__AIM OF THE EXERCISE__
Transcribe only the lines of the listing below from the one holding "Брошь по картине" through the one holding "Guļamistabas: 3 Platība: 136 m² Garāža: nav", inclusive, without any change.

__SUPPLIED MATERIAL__
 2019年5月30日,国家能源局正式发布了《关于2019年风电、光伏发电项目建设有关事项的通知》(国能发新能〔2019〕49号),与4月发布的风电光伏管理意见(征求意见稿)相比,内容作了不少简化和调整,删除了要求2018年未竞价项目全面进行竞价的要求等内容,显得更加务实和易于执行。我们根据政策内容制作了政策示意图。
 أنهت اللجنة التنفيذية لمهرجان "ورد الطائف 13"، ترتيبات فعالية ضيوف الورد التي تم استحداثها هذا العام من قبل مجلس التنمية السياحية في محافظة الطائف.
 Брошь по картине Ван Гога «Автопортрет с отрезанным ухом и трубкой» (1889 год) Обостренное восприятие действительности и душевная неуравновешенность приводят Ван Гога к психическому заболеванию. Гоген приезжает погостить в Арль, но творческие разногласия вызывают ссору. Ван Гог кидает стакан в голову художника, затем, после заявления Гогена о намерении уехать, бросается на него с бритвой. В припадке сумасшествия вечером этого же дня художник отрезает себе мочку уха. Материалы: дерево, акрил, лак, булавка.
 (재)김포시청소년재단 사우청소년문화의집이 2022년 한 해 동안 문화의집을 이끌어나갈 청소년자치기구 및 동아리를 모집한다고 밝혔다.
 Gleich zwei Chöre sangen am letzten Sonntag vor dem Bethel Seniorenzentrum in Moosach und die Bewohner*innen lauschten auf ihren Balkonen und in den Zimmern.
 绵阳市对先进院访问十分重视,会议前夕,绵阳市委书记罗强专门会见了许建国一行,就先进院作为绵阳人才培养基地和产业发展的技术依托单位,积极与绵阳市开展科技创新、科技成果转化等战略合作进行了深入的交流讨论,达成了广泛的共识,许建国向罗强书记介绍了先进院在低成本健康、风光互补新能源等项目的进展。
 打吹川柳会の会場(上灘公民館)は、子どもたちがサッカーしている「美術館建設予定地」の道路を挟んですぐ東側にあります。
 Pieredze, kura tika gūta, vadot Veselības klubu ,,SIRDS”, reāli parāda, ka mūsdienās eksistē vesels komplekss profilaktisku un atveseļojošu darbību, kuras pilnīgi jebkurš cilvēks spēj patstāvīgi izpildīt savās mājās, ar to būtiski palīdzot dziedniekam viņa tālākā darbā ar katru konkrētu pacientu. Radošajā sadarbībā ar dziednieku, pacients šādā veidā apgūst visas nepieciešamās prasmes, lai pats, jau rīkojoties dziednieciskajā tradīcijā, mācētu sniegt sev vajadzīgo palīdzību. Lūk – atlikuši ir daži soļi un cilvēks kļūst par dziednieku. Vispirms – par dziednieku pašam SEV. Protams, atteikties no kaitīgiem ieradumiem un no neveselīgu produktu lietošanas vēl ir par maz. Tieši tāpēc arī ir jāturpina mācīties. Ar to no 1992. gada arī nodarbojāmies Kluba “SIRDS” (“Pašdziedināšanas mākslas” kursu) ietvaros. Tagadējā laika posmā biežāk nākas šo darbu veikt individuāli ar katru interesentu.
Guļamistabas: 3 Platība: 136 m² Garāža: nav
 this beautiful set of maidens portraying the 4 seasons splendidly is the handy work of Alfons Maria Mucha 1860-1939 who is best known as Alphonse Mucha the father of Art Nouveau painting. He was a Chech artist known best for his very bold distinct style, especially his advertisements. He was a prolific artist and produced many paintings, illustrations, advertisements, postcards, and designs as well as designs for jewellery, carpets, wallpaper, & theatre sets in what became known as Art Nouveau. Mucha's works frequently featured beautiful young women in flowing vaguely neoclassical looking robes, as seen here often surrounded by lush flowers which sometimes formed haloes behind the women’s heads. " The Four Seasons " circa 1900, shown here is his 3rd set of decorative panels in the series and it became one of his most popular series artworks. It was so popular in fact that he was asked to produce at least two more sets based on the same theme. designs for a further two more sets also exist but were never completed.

--

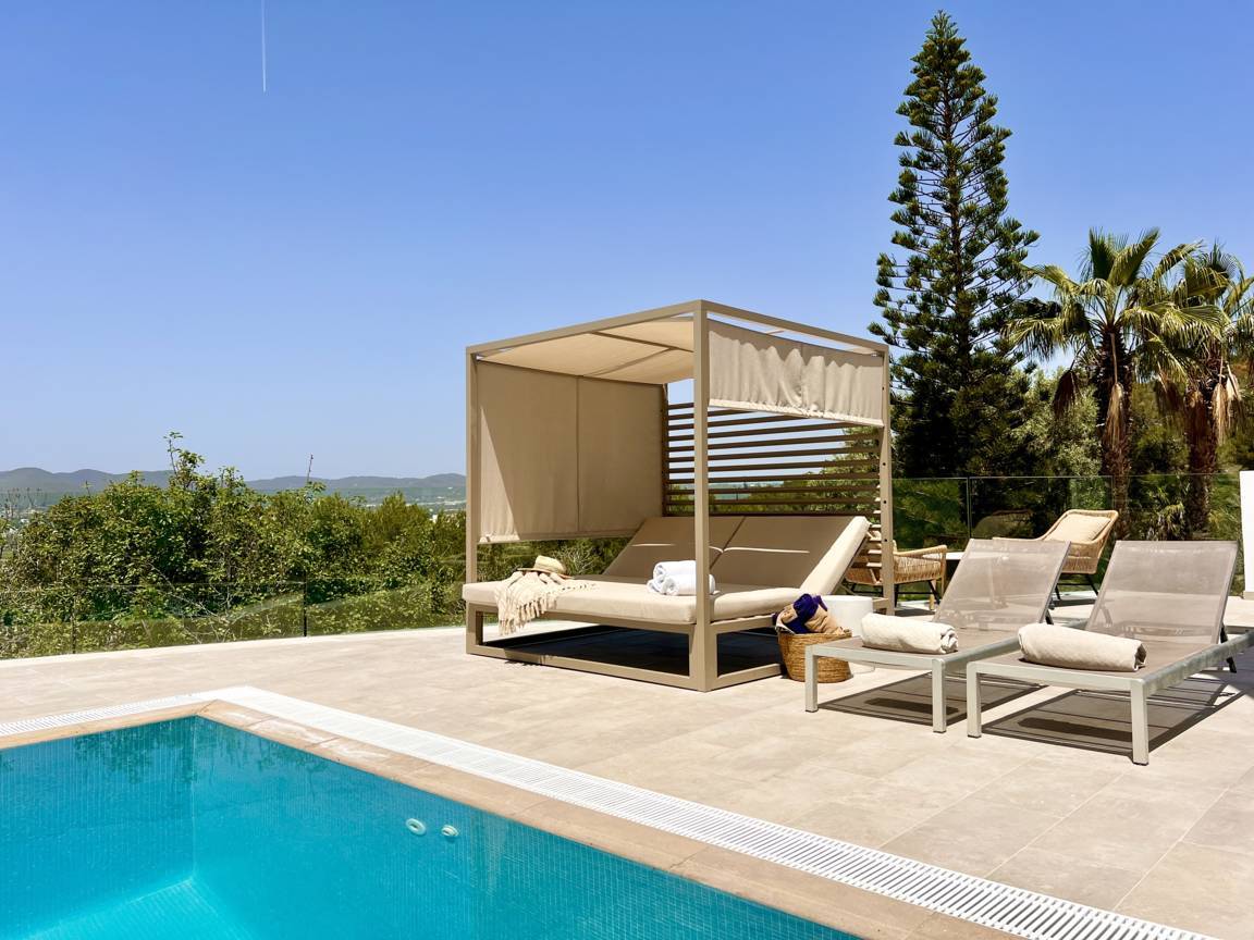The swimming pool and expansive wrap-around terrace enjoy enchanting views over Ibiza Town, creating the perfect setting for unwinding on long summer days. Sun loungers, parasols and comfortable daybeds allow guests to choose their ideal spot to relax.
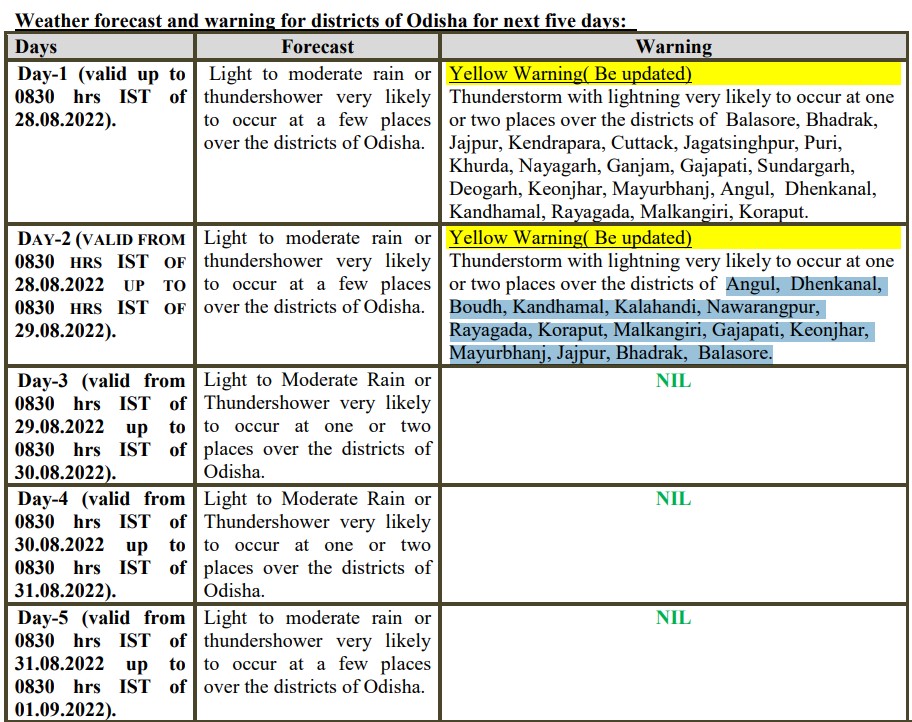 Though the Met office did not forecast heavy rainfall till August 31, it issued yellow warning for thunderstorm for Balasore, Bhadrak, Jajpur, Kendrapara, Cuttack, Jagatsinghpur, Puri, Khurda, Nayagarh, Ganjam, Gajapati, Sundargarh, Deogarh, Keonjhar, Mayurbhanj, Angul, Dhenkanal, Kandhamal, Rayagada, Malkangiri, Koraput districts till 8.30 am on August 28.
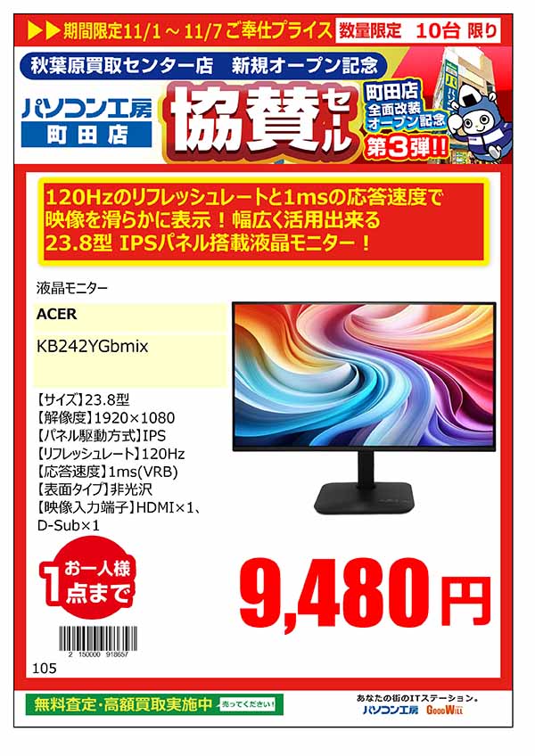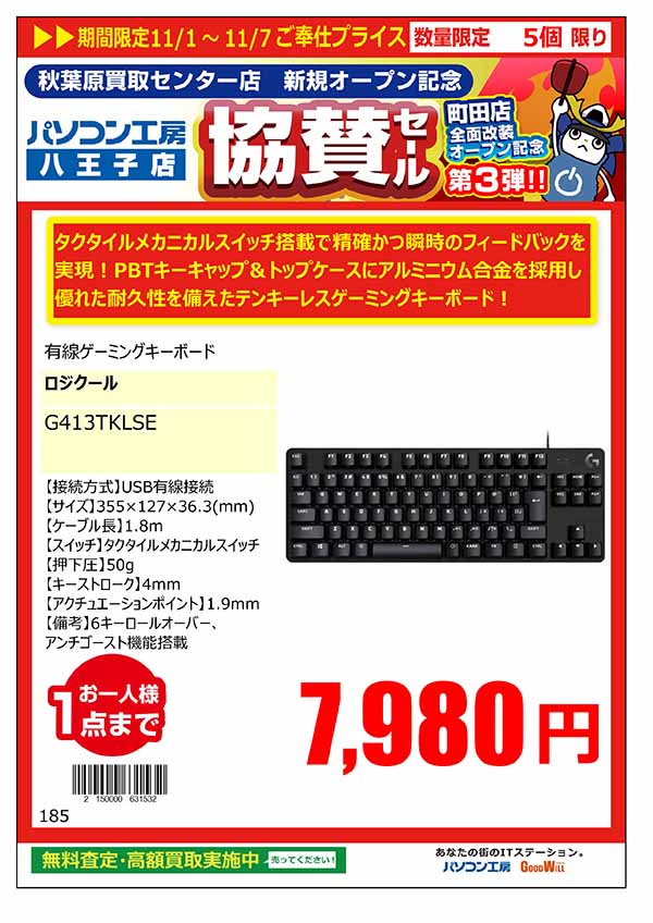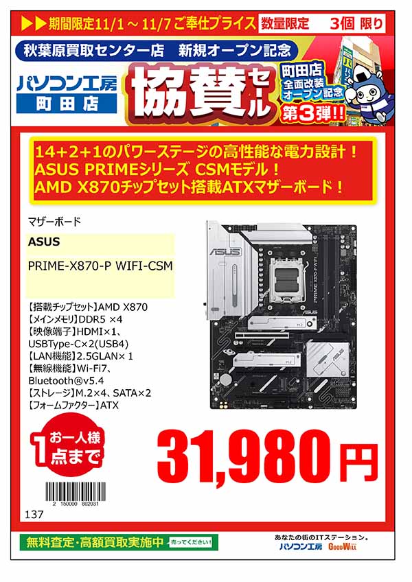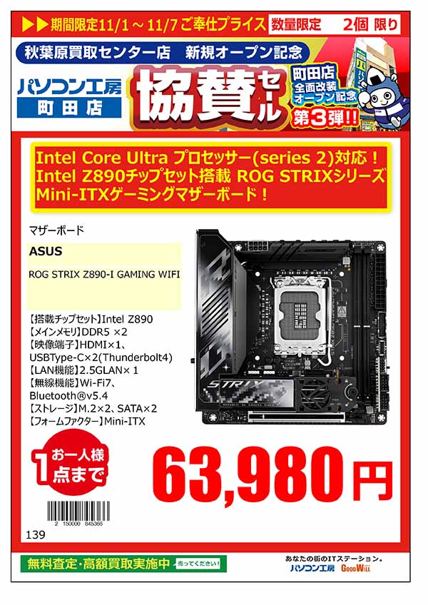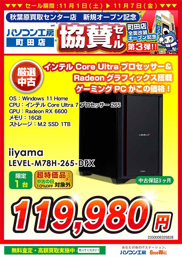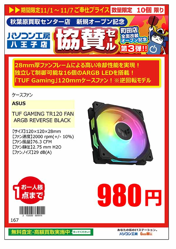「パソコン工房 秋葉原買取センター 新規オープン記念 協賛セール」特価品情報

__ANSWER BOX__
 Брошь по картине Ван Гога «Автопортрет с отрезанным ухом и трубкой» (1889 год) Обостренное восприятие действительности и душевная неуравновешенность приводят Ван Гога к психическому заболеванию. Гоген приезжает погостить в Арль, но творческие разногласия вызывают ссору. Ван Гог кидает стакан в голову художника, затем, после заявления Гогена о намерении уехать, бросается на него с бритвой. В припадке сумасшествия вечером этого же дня художник отрезает себе мочку уха. Материалы: дерево, акрил, лак, булавка.
 (재)김포시청소년재단 사우청소년문화의집이 2022년 한 해 동안 문화의집을 이끌어나갈 청소년자치기구 및 동아리를 모집한다고 밝혔다.
 Gleich zwei Chöre sangen am letzten Sonntag vor dem Bethel Seniorenzentrum in Moosach und die Bewohner*innen lauschten auf ihren Balkonen und in den Zimmern.
 绵阳市对先进院访问十分重视,会议前夕,绵阳市委书记罗强专门会见了许建国一行,就先进院作为绵阳人才培养基地和产业发展的技术依托单位,积极与绵阳市开展科技创新、科技成果转化等战略合作进行了深入的交流讨论,达成了广泛的共识,许建国向罗强书记介绍了先进院在低成本健康、风光互补新能源等项目的进展。
 打吹川柳会の会場(上灘公民館)は、子どもたちがサッカーしている「美術館建設予定地」の道路を挟んですぐ東側にあります。
 Pieredze, kura tika gūta, vadot Veselības klubu ,,SIRDS”, reāli parāda, ka mūsdienās eksistē vesels komplekss profilaktisku un atveseļojošu darbību, kuras pilnīgi jebkurš cilvēks spēj patstāvīgi izpildīt savās mājās, ar to būtiski palīdzot dziedniekam viņa tālākā darbā ar katru konkrētu pacientu. Radošajā sadarbībā ar dziednieku, pacients šādā veidā apgūst visas nepieciešamās prasmes, lai pats, jau rīkojoties dziednieciskajā tradīcijā, mācētu sniegt sev vajadzīgo palīdzību. Lūk – atlikuši ir daži soļi un cilvēks kļūst par dziednieku. Vispirms – par dziednieku pašam SEV. Protams, atteikties no kaitīgiem ieradumiem un no neveselīgu produktu lietošanas vēl ir par maz. Tieši tāpēc arī ir jāturpina mācīties. Ar to no 1992. gada arī nodarbojāmies Kluba “SIRDS” (“Pašdziedināšanas mākslas” kursu) ietvaros. Tagadējā laika posmā biežāk nākas šo darbu veikt individuāli ar katru interesentu.
Guļamistabas: 3 Platība: 136 m² Garāža: nav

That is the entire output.